Practical Privacy, Security, and Speech Guide
A field guide to modern privacy, security, and freedom of speech.

3.4 File-level and container encryption

Padlock on a dark surface
Encryption and access control.

Granularity and portability

Full disk encryption protects a device when it is powered off, but it is a blunt instrument. It treats the whole drive as a single protected space, which is fine for everyday laptops and phones. File-level encryption and encrypted containers add finer control. They let you protect specific files or groups of files, move them between devices, and decide when they are unlocked.

File-level encryption means individual files are encrypted on their own. A container is a single encrypted file that behaves like a virtual disk when unlocked. Both approaches are about granularity: you can keep personal photos unprotected on a family laptop, while encrypting medical records or client contracts separately. Portability matters too. A container can be copied to a USB drive or cloud storage and opened wherever you have the passphrase and the right software.

When full disk encryption is insufficient

Full disk encryption does not help once the device is unlocked. If your laptop is on, anyone with access to it can read the files the system can read. That is not a flaw in the encryption; it is how the system is designed to work. The moment you log in, the drive is decrypted for use.

File-level encryption is useful when you want certain data to remain locked even while the rest of the device is in use. A solicitor might keep case notes in an encrypted container so that routine admin tasks can happen without exposing sensitive files. A student living in shared accommodation might keep passports and banking PDFs in an encrypted folder, while leaving lecture notes accessible.

Another common case is sharing a device. Family computers in the UK often have multiple users, but not everyone logs out properly. Full disk encryption does not prevent a logged-in sibling from opening another person’s files if the permissions are loose. Encrypting the files themselves provides a layer that is independent of who is signed in.

Encrypted containers and naming risks

A container is a single file, often with a generic extension, that holds encrypted content. When unlocked, it appears as a new drive or folder. Containers are tidy and portable, but their very presence can signal that something is being hidden. A file called “Encrypted Tax Records” on a shared drive is effectively an index to your most private material.

The risk here is not cryptographic weakness. It is social and operational. If someone is curious or under pressure, the existence of a clearly labelled container can invite scrutiny. In some situations, merely revealing that you use encryption can change how others treat you.

Practical mitigations are simple: use neutral names and avoid obvious labels. “Archive 2024” attracts less attention than “Sensitive Evidence”. Keep in mind that the filename is often visible even when the container is locked. For people who need plausible deniability, some tools offer hidden volumes, but these are complicated to use correctly and can create their own risks if mishandled or if your usage patterns are inconsistent.

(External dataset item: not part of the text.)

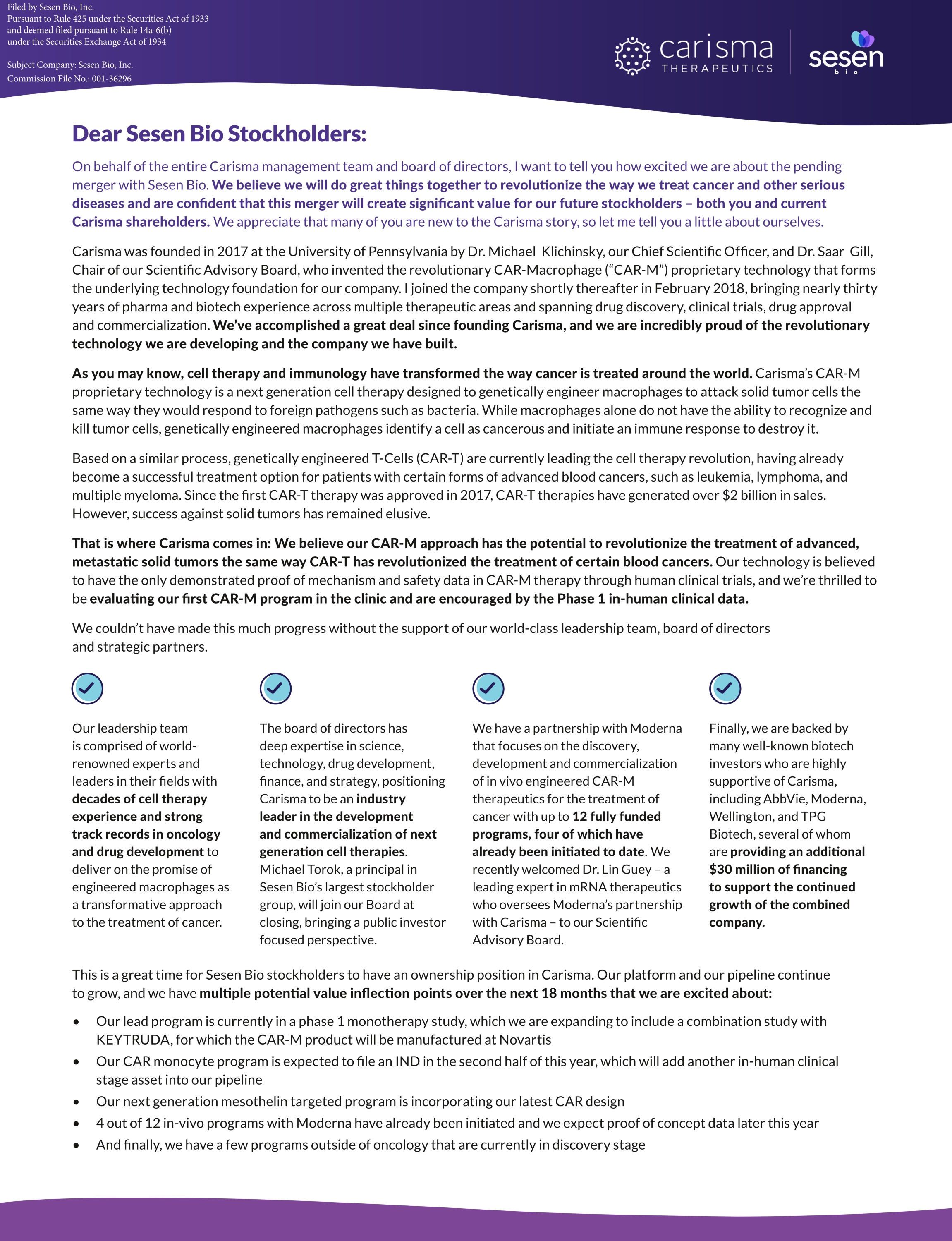 Dear Sesen Bio Stockholders: On behalf of the entire Carisma management team and board of directors, I want to tell you how excited we are about the pending merger with Sesen Bio. We believe we will do great things together to revolutionize the way we treat cancer and other serious diseases and are confident that this merger will create significant value for our future stockholders – both you and current Carisma shareholders. We appreciate that many of you are new to the Carisma story, so let me tell you a little about ourselves. Carisma was founded in 2017 at the University of Pennsylvania by Dr. Michael Klichinsky, our Chief Scientific Officer, and Dr. Saar Gill, Chair of our Scientific Advisory Board, who invented the revolutionary CAR-Macrophage (“CAR-M”) proprietary technology that forms the underlying technology foundation for our company. I joined the company shortly thereafter in February 2018, bringing nearly thirty years of pharma and biotech experience across multiple therapeutic areas and spanning drug discovery, clinical trials, drug approval and commercialization. We’ve accomplished a great deal since founding Carisma, and we are incredibly proud of the revolutionary technology we are developing and the company we have built. As you may know, cell therapy and immunology have transformed the way cancer is treated around the world. Carisma’s CAR-M proprietary technology is a next generation cell therapy designed to genetically engineer macrophages to attack solid tumor cells the same way they would respond to foreign pathogens such as bacteria. While macrophages alone do not have the ability to recognize and kill tumor cells, genetically engineered macrophages identify a cell as cancerous and initiate an immune response to destroy it. Based on a similar process, genetically engineered T-Cells (CAR-T) are currently leading the cell therapy revolution, having already become a successful treatment option for patients with certain forms of advanced blood cancers, such as leukemia, lymphoma, and multiple myeloma. Since the first CAR-T therapy was approved in 2017, CAR-T therapies have generated over $2 billion in sales. However, success against solid tumors has remained elusive. That is where Carisma comes in: We believe our CAR-M approach has the potential to revolutionize the treatment of advanced, metastatic solid tumors the same way CAR-T has revolutionized the treatment of certain blood cancers. Our technology is believed to have the only demonstrated proof of mechanism and safety data in CAR-M therapy through human clinical trials, and we’re thrilled to be evaluating our first CAR-M program in the clinic and are encouraged by the Phase 1 in-human clinical data. We couldn’t have made this much progress without the support of our world-class leadership team, board of directors and strategic partners. Our leadership team is comprised of world- renowned experts and leaders in their fields with decades of cell therapy experience and strong track records in oncology and drug development to deliver on the promise of engineered macrophages as a transformative approach to the treatment of cancer. The board of directors has deep expertise in science, technology, drug development, finance, and strategy, positioning Carisma to be an industry leader in the development and commercialization of next generation cell therapies. Michael Torok, a principal in Sesen Bio’s largest stockholder group, will join our Board at closing, bringing a public investor focused perspective. We have a partnership with Moderna that focuses on the discovery, development and commercialization of in vivo engineered CAR-M therapeutics for the treatment of cancer with up to 12 fully funded programs, four of which have already been initiated to date. We recently welcomed Dr. Lin Guey – a leading expert in mRNA therapeutics who oversees Moderna’s partnership with Carisma – to our Scientific Advisory Board. Finally, we are backed by many well-known biotech investors who are highly supportive of Carisma, including AbbVie, Moderna, Wellington, and TPG Biotech, several of whom are providing an additional $30 million of financing to support the continued growth of the combined company. This is a great time for Sesen Bio stockholders to have an ownership position in Carisma. Our platform and our pipeline continue to grow, and we have multiple potential value inflection points over the next 18 months that we are excited about: • Our lead program is currently in a phase 1 monotherapy study, which we are expanding to include a combination study with KEYTRUDA, for which the CAR-M product will be manufactured at Novartis • Our CAR monocyte program is expected to file an IND in the second half of this year, which will add another in-human clinical stage asset into our pipeline • Our next generation mesothelin targeted program is incorporating our latest CAR design • 4 out of 12 in-vivo programs with Moderna have already been initiated and we expect proof of concept data later this year • And finally, we have a few programs outside of oncology that are currently in discovery stage Filed by Sesen Bio, Inc. Pursuant to Rule 425 under the Securities Act of 1933 and deemed filed pursuant to Rule 14a-6(b) under the Securities Exchange Act of 1934 Subject Company: Sesen Bio, Inc. Commission File No.: 001-36296

Storage locations and access patterns

Where you store encrypted files matters as much as how you encrypt them. A container stored in a cloud sync folder such as OneDrive or iCloud is protected by encryption at rest, but metadata is still visible: file size, name, and the fact that it changes regularly. That can be enough for a curious employer, partner, or service provider to infer what you are doing.

Access patterns can leak information even when the contents are secure. If a container grows at the same time you are working on a specific project, or is accessed every evening after a meeting, that timing may tell a story. This matters more in environments where oversight is routine, such as workplaces with device monitoring or shared family computers with well-meaning but intrusive parents.

A practical approach is to separate storage from day-to-day activity. Keep a container on removable storage for genuinely private material, and copy it to a local drive only when needed. If you do use cloud storage, treat it as a transport mechanism rather than a working directory. Open the container, copy out the file you need, work on it locally, then put it back and close the container. This reduces the frequency of updates and the amount of metadata exposed.

Avoiding “sensitive data” signals

A common misunderstanding is that encryption itself makes you safe from suspicion. In practice, how you use encryption can be just as visible as the data it protects. A folder filled with encrypted files called “Legal Strategy” is not subtle. Nor is a USB stick permanently attached to a keychain labelled “Private”.

Avoiding signals is not about hiding wrongdoing; it is about reducing unnecessary attention. In the UK, lawful inspection of devices at borders or workplaces can involve questions about why certain files are protected. You do not have to assume hostile intent to recognise that humans respond to cues.

A balanced practice is to integrate encryption into normal routines. Use it for mundane tasks as well as sensitive ones, so that encrypted items do not stand out. For example, keep your personal archive of receipts and household documents in the same encrypted container as a few genuinely private files. This makes the container a normal administrative tool rather than a special vault.

There are limits to how much signalling you can reduce. If you carry a single encrypted container and refuse to unlock it, that is a choice with consequences. The risk cannot be eliminated, only managed. For many people, the most realistic goal is to keep sensitive data protected while avoiding obvious flags that invite curiosity or escalate attention.